Editor’s Note: The subsidy is probably going to promote research and development in the field of renewable energy in addition to light commercial vehicles.
India to invite bids for $960 million battery-making program
According to sources, India intends to request bids for an incentive program worth 80 billion rupees (about USD 960 million) to promote the development of batteries for electric vehicles.
According to exclusive reports, the program will mandate that successful bidders establish advanced chemistry battery installations capable of producing 20 gigawatt hours of electricity in total. Next month, they claimed, the government will invite proposals from possible investors.
During a consultation meeting with government officials, companies expressed interest, including Larsen & Toubro Ltd., Amara Raja Energy & Mobility Ltd., LG Energy Solution Ltd. of Korea, and Mahindra & Mahindra Ltd.
Over a five-year period, the government will provide incentives to companies for the sale of locally manufactured batteries.
Editor’s Note: In the battery manufacturing and export business, India is expanding quickly; during the next five years, a compound annual growth rate (CAGR) of more than 10% is predicted. With a total production value of over USD 10 billion, the sector is valued at over USD 16 billion. This development is a very good opportunity for companies from Taiwan to consider.

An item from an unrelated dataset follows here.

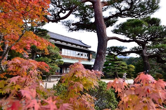 内庭の紅葉撮影には、ひょうたん池かそばのあずまやから本邸を臨むアングルがおススメ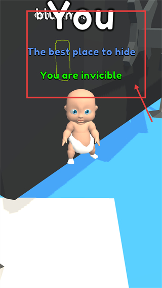 4、进入隐藏区域后,会出现【The-best-place-to-hide】提示,同时显示【You-are-invincible】,代表处于安全状态。

Kaynes to invest Rs 2,850 cr in chip unit in Hyderabad, Rs 830 cr in Mysuru
A leading electronics manufacturing services provider, Kaynes SemiCon, a 100% subsidiary of Kaynes Technology, plans to invest Rs 2,850 crore in a chip factory located in Hyderabad and Rs 830 crore in Mysuru.
Hyderabad will host the groundbreaking ceremony for the facility, which will feature 13 lines for outsourced semiconductor assembly and testing (OSAT) and with automatic test equipment (ATE) and a reliability testing line
Additionally, Kaynes SemiCon would invest Rs 83.28 crore in a silicon photonics research and development centre in Mysuru for co-packaged optics. Ten lines for OSAT and one line each for MEMS, sensors, and power modules will be available at the Mysuru site.
Centre to pay out Rs 400 cr to 20 firms under PLI scheme for telecom gear
The Department of Telecommunications (DoT) is anticipated to award incentives of Rs 400 crore to 20 companies during the current fiscal year, according to a report published on Thursday by The Economic Times (ET). Companies like Nokia, Jabil, HFCL, and VVDN are on the list of those that stand to gain.
As to the report, the 20 companies that were part of the production-linked incentive (PLI) plan for producing telecom goods had achieved their targets. Incentives will be given to several companies for the first time.
Thirty-one companies were given approval to participate in the manufacturing of networking and telecom products under the plan, which was announced in February 2021. For various product types and categories, it provides incentives ranging from 4 to 7%. For micro, small, and medium-sized businesses, the incentive is one percent higher (MSMEs).